RECORDS FOR PROCESSING: Begin
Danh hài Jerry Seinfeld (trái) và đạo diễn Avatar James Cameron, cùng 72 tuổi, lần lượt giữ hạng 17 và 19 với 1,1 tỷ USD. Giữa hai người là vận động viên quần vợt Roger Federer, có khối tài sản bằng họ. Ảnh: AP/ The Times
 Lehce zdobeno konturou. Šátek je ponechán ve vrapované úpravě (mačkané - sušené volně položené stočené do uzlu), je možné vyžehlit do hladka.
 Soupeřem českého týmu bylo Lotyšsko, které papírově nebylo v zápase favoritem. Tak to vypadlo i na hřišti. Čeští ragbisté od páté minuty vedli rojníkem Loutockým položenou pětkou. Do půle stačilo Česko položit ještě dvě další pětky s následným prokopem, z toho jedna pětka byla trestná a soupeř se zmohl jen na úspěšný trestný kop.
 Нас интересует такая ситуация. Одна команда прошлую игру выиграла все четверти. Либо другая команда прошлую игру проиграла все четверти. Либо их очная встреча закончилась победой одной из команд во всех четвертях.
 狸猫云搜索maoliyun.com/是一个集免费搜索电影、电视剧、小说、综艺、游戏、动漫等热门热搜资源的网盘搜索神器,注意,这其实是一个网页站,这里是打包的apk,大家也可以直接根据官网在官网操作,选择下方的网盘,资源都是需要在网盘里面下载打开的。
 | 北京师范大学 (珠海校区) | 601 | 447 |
RECORDS FOR PROCESSING: End
RECORDS FOR PROCESSING: Begin
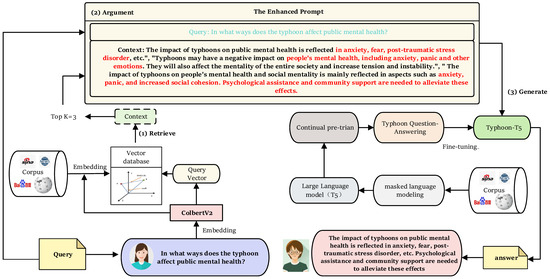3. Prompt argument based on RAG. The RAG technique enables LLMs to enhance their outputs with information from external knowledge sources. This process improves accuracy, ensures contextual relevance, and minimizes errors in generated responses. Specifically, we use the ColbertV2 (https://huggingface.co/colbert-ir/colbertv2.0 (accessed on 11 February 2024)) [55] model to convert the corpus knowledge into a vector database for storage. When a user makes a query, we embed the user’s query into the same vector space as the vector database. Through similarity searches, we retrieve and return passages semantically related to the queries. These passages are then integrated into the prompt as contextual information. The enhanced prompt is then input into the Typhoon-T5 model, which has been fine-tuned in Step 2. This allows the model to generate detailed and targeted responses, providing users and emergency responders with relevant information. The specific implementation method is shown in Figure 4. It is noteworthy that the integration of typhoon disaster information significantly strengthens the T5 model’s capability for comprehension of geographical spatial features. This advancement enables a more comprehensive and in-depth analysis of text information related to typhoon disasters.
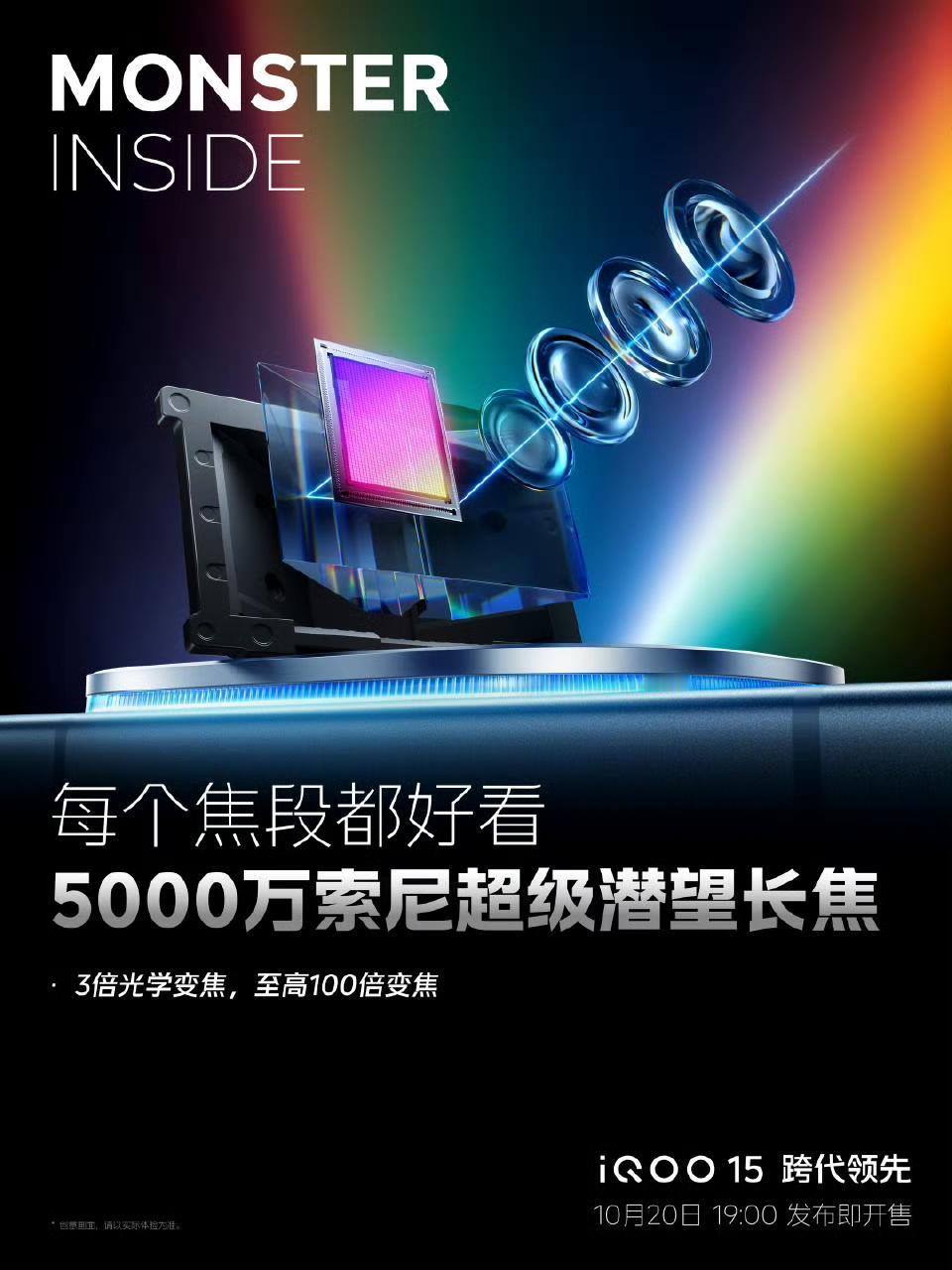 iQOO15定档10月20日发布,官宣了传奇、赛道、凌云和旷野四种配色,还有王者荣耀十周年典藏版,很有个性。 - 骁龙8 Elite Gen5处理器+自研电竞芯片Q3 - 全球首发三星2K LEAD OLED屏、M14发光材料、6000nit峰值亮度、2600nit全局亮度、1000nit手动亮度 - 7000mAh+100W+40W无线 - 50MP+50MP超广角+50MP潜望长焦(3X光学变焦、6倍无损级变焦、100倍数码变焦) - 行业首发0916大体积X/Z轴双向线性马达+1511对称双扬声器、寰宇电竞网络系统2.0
RECORDS FOR PROCESSING: End
YOUR GOAL: Could you transcribe the entries above word for word, from the line with "狸猫云搜索maoliyun." down to the line with "601 | 447 |", keeping both?

TASK SOLUTION:
 狸猫云搜索maoliyun.com/是一个集免费搜索电影、电视剧、小说、综艺、游戏、动漫等热门热搜资源的网盘搜索神器,注意,这其实是一个网页站,这里是打包的apk,大家也可以直接根据官网在官网操作,选择下方的网盘,资源都是需要在网盘里面下载打开的。
 | 北京师范大学 (珠海校区) | 601 | 447 |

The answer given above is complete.